_What is being asked_. For this exercise, reproduce only the lines from the one holding "本申请提供有一种基于二阶贝塞" through the final line of the data below, exactly, and omit pictures.

_Given material_.
|---|

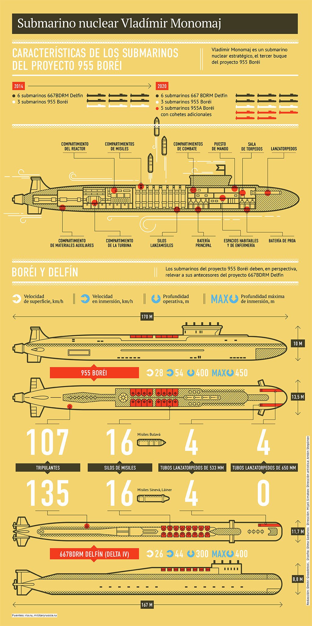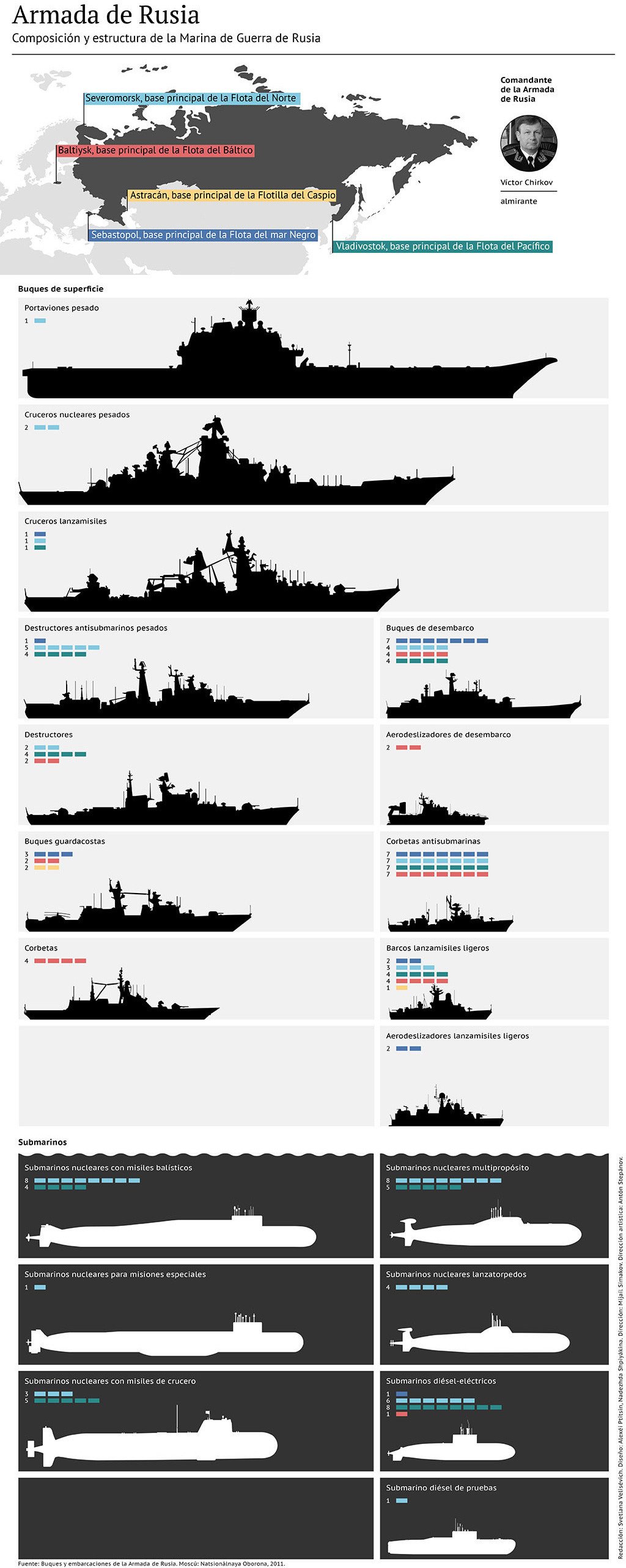 Actualmente, la Armada de Rusia cuenta con 60 submarinos nucleares, una decena de los cuales son estratégicos y más de 30 son de ataque; el resto son diésel y otros sirven para propósitos especiales.
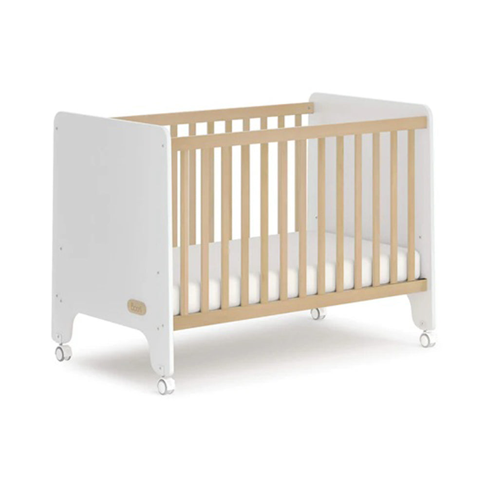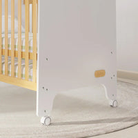 The Natty Compact Cot features a playful design with closed end panels, and wheeled feet, reminiscent of a figure on roller skates!
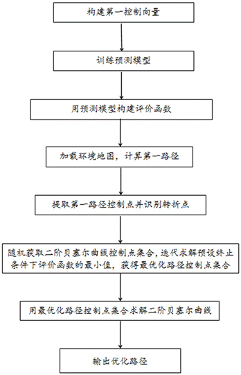 本申请提供有一种基于二阶贝塞尔曲线的机器人连续路径优化方法,首先用二阶贝塞尔曲线控制点得到的第一控制向量对BP神经网络进行训练得到预测模型,然后以预测模型为基础,综合考虑路径可行性、安全性、运行效率因素,构建评价函数,将路径规划问题转化为最优化求解问题,对实际路径进行迭代求解,得到满足终止条件的最优路径二阶贝塞尔曲线控制点组成的集合,输入二阶贝塞尔曲线函数求解出各转折点对应的二阶贝塞尔曲线,得到优化路径。本申请能够对图搜索类和随机采样类传统路径规划算法进行后优化处理,较好的满足了机器人连续行进的要求,既提高了电机使用寿命,也提高了路径优化处理的效率,具有求解速度快、安全性高、平滑性好的优点。
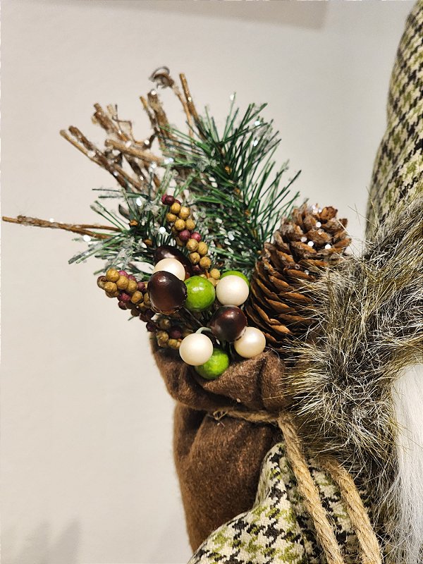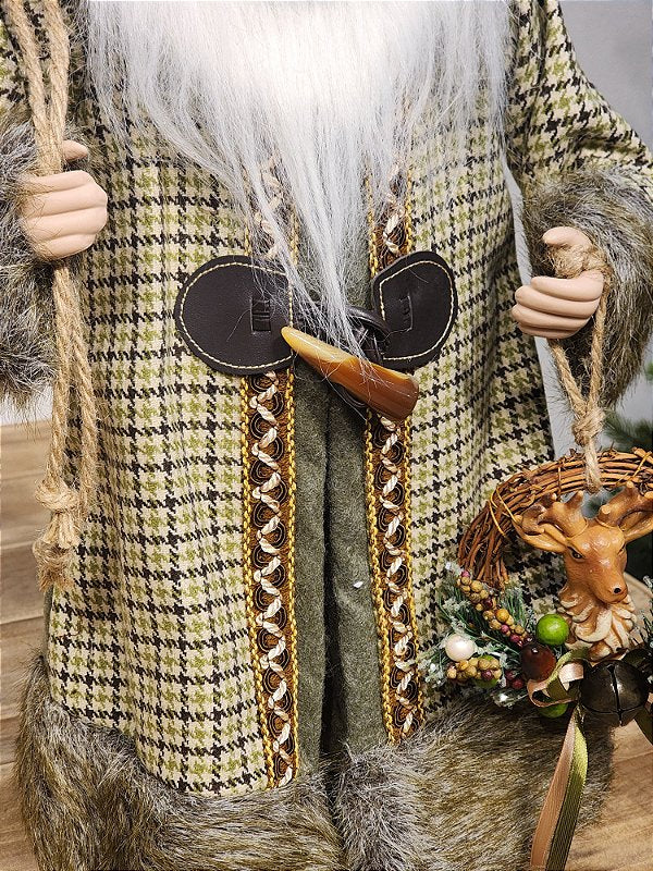 🎅 Papai Noel Deluxe Rústico Verde - Rosto de Porcelana 50cm 🎄

|---|

_Answer space_.
 本申请提供有一种基于二阶贝塞尔曲线的机器人连续路径优化方法,首先用二阶贝塞尔曲线控制点得到的第一控制向量对BP神经网络进行训练得到预测模型,然后以预测模型为基础,综合考虑路径可行性、安全性、运行效率因素,构建评价函数,将路径规划问题转化为最优化求解问题,对实际路径进行迭代求解,得到满足终止条件的最优路径二阶贝塞尔曲线控制点组成的集合,输入二阶贝塞尔曲线函数求解出各转折点对应的二阶贝塞尔曲线,得到优化路径。本申请能够对图搜索类和随机采样类传统路径规划算法进行后优化处理,较好的满足了机器人连续行进的要求,既提高了电机使用寿命,也提高了路径优化处理的效率,具有求解速度快、安全性高、平滑性好的优点。
 🎅 Papai Noel Deluxe Rústico Verde - Rosto de Porcelana 50cm 🎄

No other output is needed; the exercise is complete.